### Exercise material
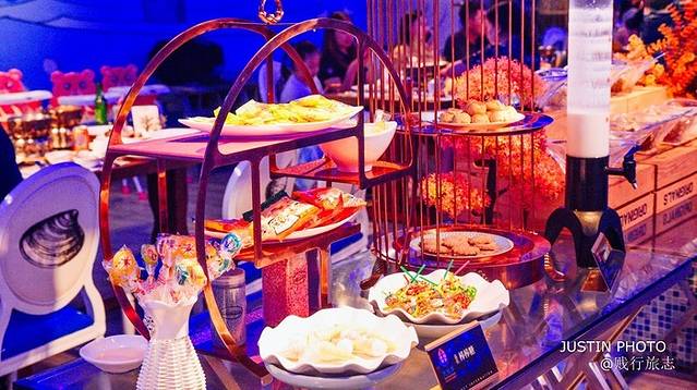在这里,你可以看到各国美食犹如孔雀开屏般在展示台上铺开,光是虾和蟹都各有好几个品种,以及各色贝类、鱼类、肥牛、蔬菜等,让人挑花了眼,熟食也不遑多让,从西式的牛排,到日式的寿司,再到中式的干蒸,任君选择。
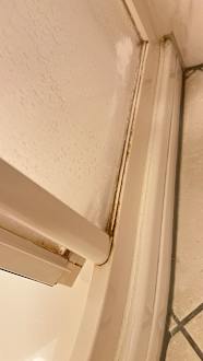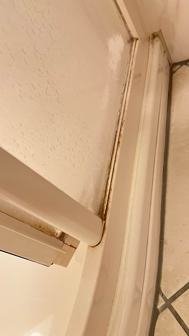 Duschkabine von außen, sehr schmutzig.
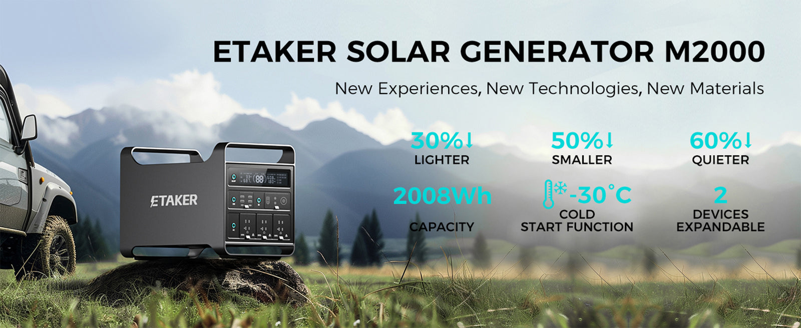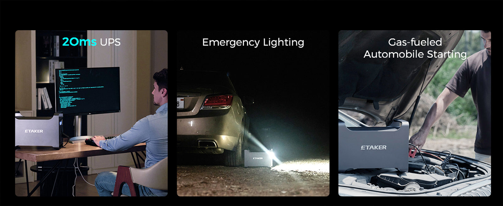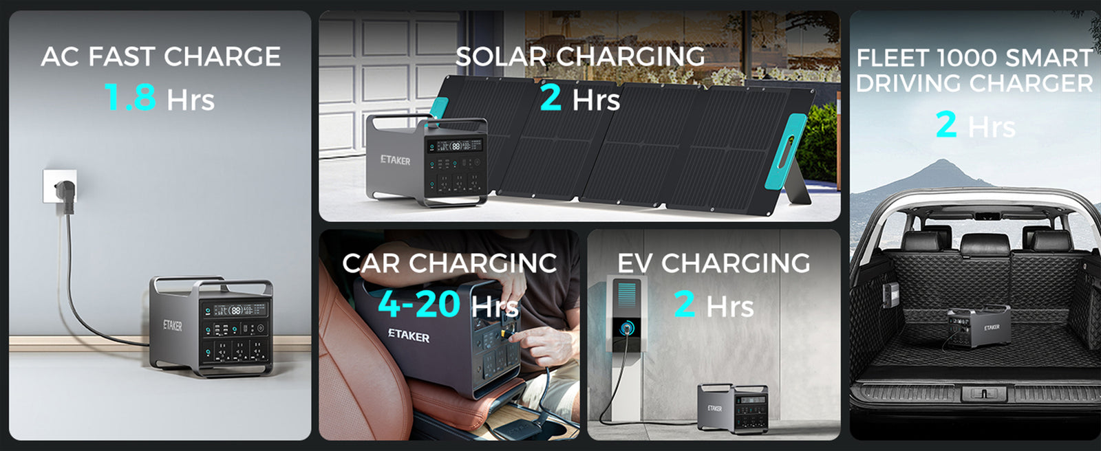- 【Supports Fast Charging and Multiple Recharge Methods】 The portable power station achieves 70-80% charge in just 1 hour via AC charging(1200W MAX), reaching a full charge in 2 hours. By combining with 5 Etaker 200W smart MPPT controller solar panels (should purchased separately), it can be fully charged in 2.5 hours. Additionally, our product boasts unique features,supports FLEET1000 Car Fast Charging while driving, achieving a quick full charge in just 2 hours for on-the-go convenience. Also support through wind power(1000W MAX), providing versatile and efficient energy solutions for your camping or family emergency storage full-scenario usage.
--
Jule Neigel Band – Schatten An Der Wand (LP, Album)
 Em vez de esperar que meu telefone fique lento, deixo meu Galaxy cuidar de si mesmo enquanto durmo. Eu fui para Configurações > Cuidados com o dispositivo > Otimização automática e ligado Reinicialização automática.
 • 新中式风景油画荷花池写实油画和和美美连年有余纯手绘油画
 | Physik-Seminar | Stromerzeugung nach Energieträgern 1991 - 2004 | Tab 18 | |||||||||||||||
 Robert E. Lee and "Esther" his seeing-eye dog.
==
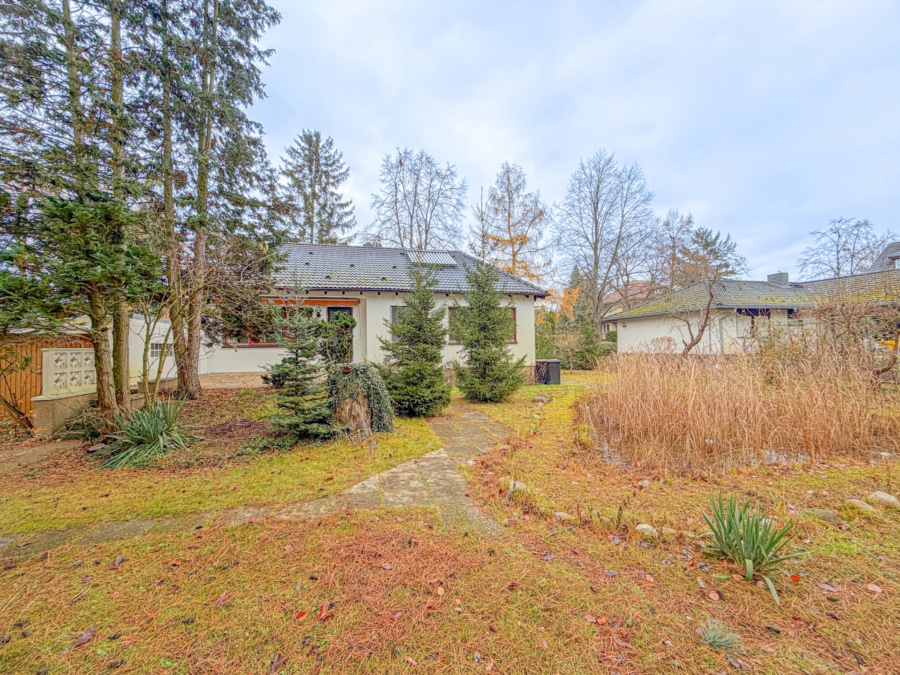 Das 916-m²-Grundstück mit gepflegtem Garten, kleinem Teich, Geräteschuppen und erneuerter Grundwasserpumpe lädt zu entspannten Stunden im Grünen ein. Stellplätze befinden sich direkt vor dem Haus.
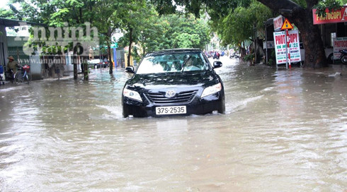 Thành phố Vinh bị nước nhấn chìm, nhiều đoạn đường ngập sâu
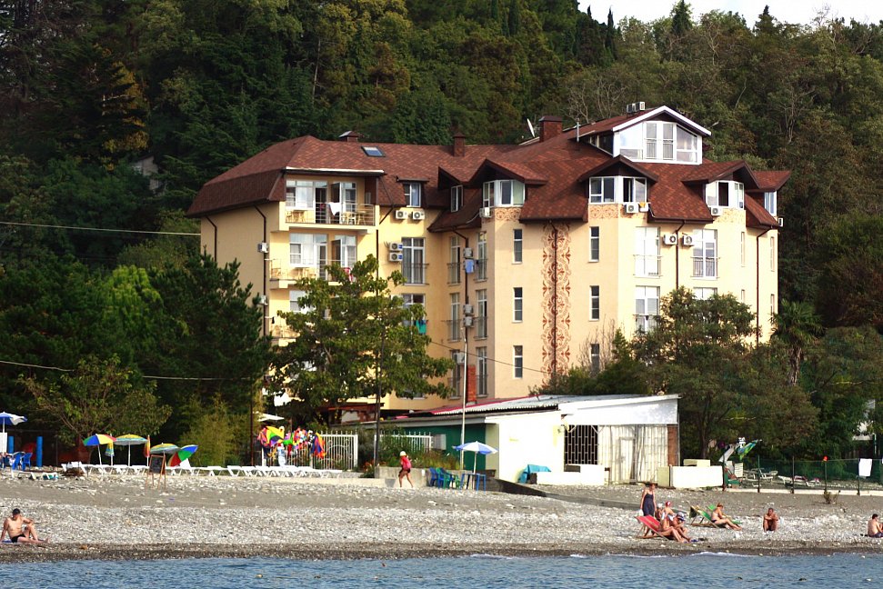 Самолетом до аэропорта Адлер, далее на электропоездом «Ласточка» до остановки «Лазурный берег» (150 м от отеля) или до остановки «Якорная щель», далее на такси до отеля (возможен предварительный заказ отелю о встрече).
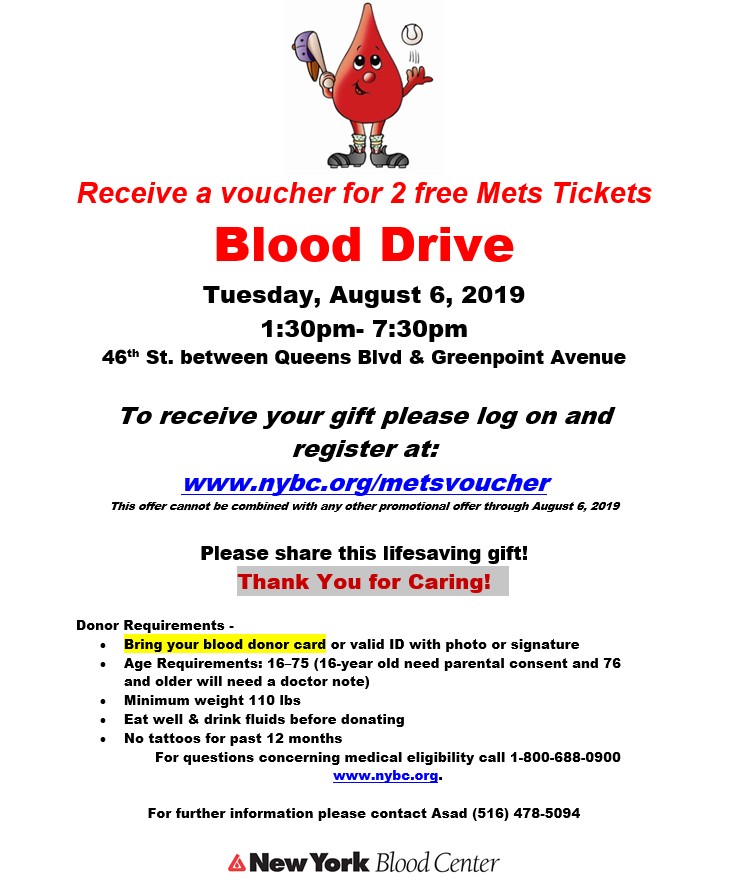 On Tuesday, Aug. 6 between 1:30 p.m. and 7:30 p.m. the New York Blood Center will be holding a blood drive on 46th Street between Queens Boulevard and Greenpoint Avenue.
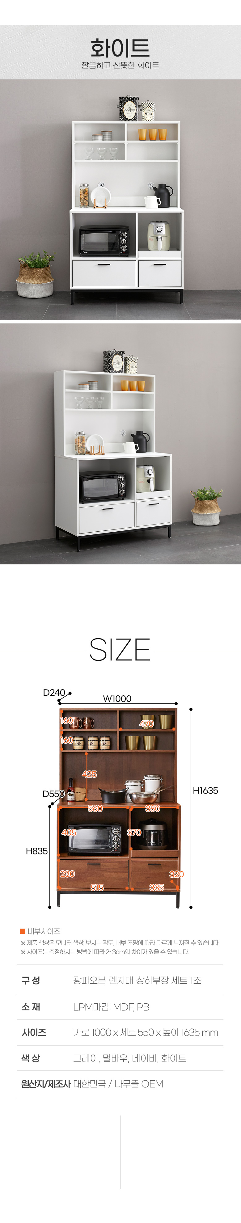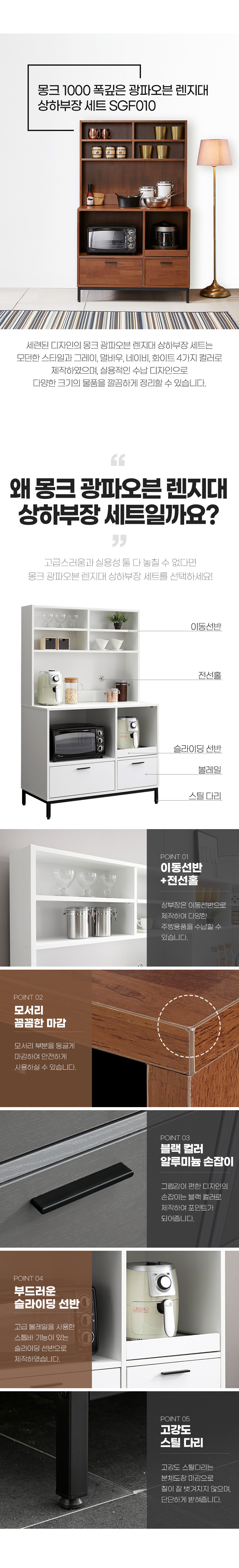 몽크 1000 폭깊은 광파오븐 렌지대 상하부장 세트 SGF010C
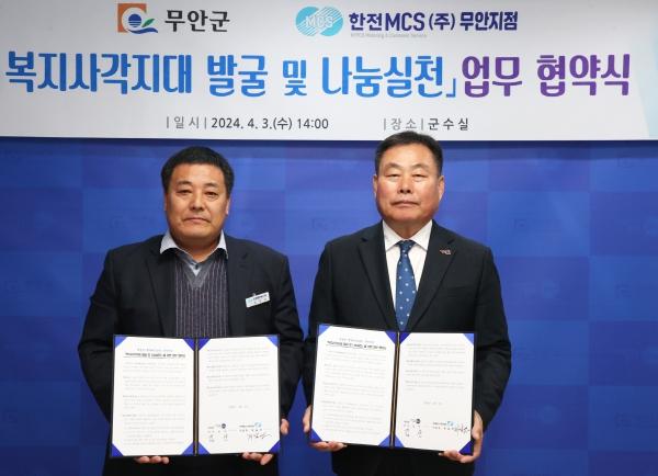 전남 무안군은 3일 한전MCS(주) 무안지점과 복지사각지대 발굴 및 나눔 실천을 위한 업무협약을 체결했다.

### Task description
Within the listing above, copy exactly the lines that start at the one with "Das 916-m²-Grundstück mit" and continue through the one with "전남 무안군은 3일 한전MCS(주)". Omit pictures.

### Answer
 Das 916-m²-Grundstück mit gepflegtem Garten, kleinem Teich, Geräteschuppen und erneuerter Grundwasserpumpe lädt zu entspannten Stunden im Grünen ein. Stellplätze befinden sich direkt vor dem Haus.
 Thành phố Vinh bị nước nhấn chìm, nhiều đoạn đường ngập sâu
 Самолетом до аэропорта Адлер, далее на электропоездом «Ласточка» до остановки «Лазурный берег» (150 м от отеля) или до остановки «Якорная щель», далее на такси до отеля (возможен предварительный заказ отелю о встрече).
 On Tuesday, Aug. 6 between 1:30 p.m. and 7:30 p.m. the New York Blood Center will be holding a blood drive on 46th Street between Queens Boulevard and Greenpoint Avenue.
 몽크 1000 폭깊은 광파오븐 렌지대 상하부장 세트 SGF010C
 전남 무안군은 3일 한전MCS(주) 무안지점과 복지사각지대 발굴 및 나눔 실천을 위한 업무협약을 체결했다.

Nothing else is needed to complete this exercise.